Overall, a review of the initial investigation by Africa Command into the Jan. 2, 2020, attack at Manda Bay, Kenya, by Army Gen. Paul Funk agreed that there was no criminal negligence or misconduct by U.S. personnel who were stationed at the naval base with Kenyan forces.
"I concurred that the proximate cause of the death of three U.S. citizens, injuries to three other U.S. citizens, and the loss of U.S. aircraft and property was the attack by a masked force of determined, disciplined and well-resourced al-Shabaab fighters," said Funk, who is head of the Army's Training and Doctrine Command.
Funk briefed reporters at the Pentagon about the review's findings.
"No single point of failure directly caused the loss of life and damage to the property at Manda Bay," he said. "My review found that neither criminal negligence nor misconduct by any U.S. personnel was the proximate cause of loss of life or property at cooperative security location Manda Bay."
Defense Secretary Lloyd Austin accepted the review conclusions, effectively shutting the book on the stunning attack that killed Army Spc.

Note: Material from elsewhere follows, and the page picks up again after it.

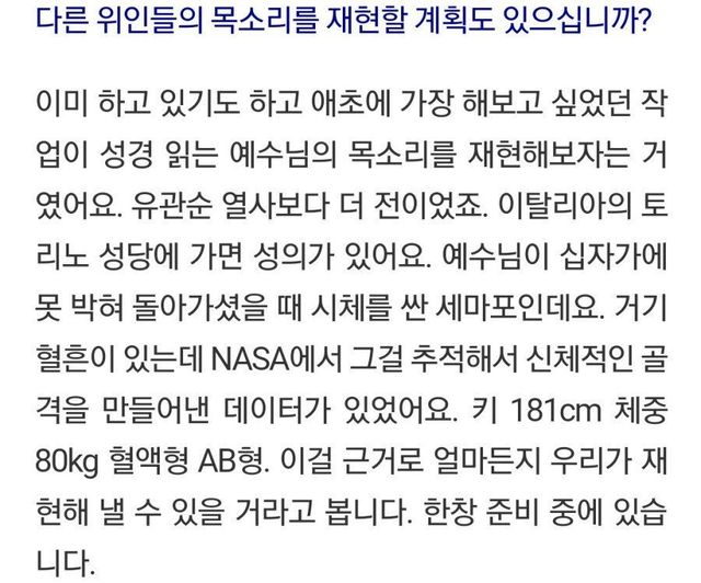 최전성기 시절에는 2000년 전 ‘예수’ 목소리 재현 시도 중이라고 함 ㄷㄷㄷ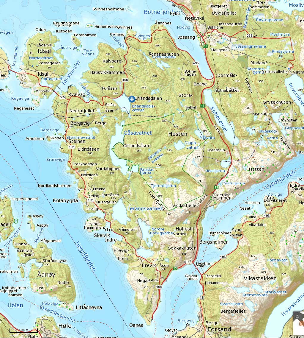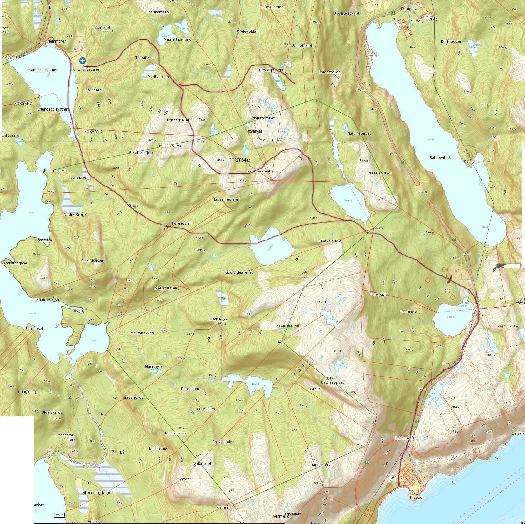 Her har jeg prøvd å tegne inn ruta de gikk fram og tilbake til Habn. Den andre ruta er da de gikk om Hesten for å levere lykta til Jens i Heia. Den tredje streken viser delvis området de hentet bær i. ATK.

Henry "Mitch" Mayfield Jr., 23, of Hazel Crest, Illinois; and two contractor pilots, Dustin Harrison, 47, and Bruce Triplett, 64.
Austin ordered the review last year to "ensure the department had a complete look at the causes of the attack," Funk said.
Funk's review agreed with Africa Command that the disastrous attack was made worse by a lack of focus on force protection; inadequate understanding of the threat from the terror group; inadequate preparation by security forces; and poor mission command at the tactical level.
The incident has led to new training requirements for all troops who deploy to Africa, where the U.S. is working with countries like Kenya and Somalia to root out extremist groups and militias.
About 30-40 al-Shabaab fighters launched mortars at the U.S. Camp Simba before attacking an airfield at Manda Bay, in what the Pentagon deemed a complex attack. The Africa terror group is the largest affiliate of al-Qaida, which was responsible for the Sept. 11, 2001, attacks.
Mayfield and another service member were clearing the landing strip in the morning and saw the heat signatures of fighters hiding in the bush but mistook them for hyenas, according to Lt. Gen. Steven Basham, deputy commander of U.S. Air Forces in Europe-Air Forces Africa, who participated in the Funk review.
The fighters launched rocket-propelled grenades at the airfield, first hitting the men's vehicle and then the aircraft being flown by Harrison and Triplett, Basham said.
"The first RPG penetrated the front windshield but did not explode," he said. "The second RPG penetrated the driving side door and a moment later this device detonated, killing Spc. Mayfield instantly."